----- INFORMATION PROVIDED

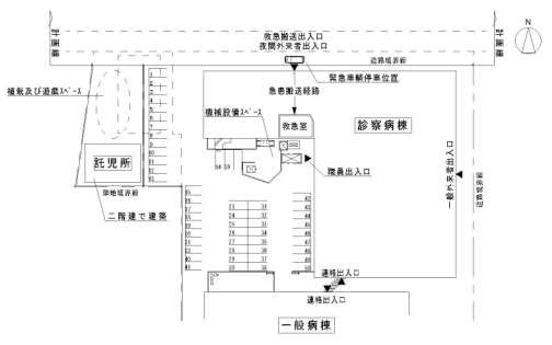 - 病院と同一敷地内にある職員専用の託児所は、24時間の医療態勢から、休止することなく構内での移転を検討します。
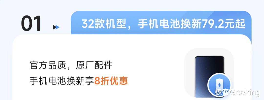 对于这一轮 9 月的小米服务周活动,对比以往总结来说,服务项目依然缺席了 8 折平板电池换新和手机后盖 8 折换新的活动,不过 8 折手机电池换新服务的支持机型和上一次有很少重叠,这对于上一次没能等到折扣的用户来说很友好,那么现在这次有你准备要换电池的机型设备吗?
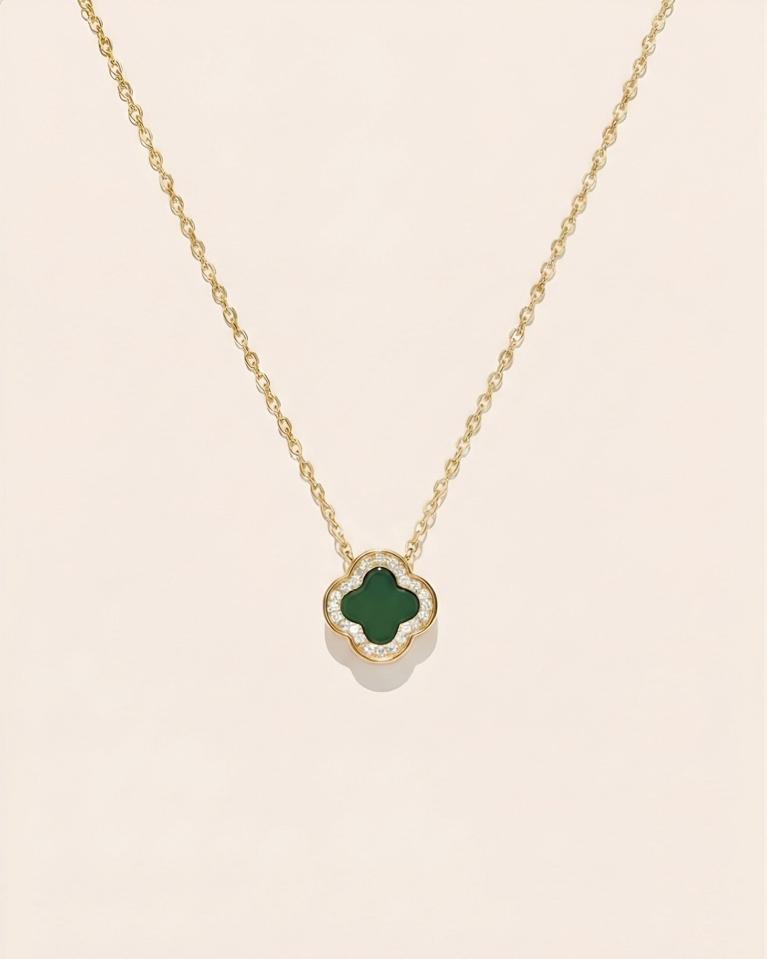 双面翡翠绿叶草项链 | Double-Sided Green Clover Necklace

----------

EXERCISE AIM: Without the pictures, repeat the listing above exactly.

RESULT:
 - 病院と同一敷地内にある職員専用の託児所は、24時間の医療態勢から、休止することなく構内での移転を検討します。
 对于这一轮 9 月的小米服务周活动,对比以往总结来说,服务项目依然缺席了 8 折平板电池换新和手机后盖 8 折换新的活动,不过 8 折手机电池换新服务的支持机型和上一次有很少重叠,这对于上一次没能等到折扣的用户来说很友好,那么现在这次有你准备要换电池的机型设备吗?
 双面翡翠绿叶草项链 | Double-Sided Green Clover Necklace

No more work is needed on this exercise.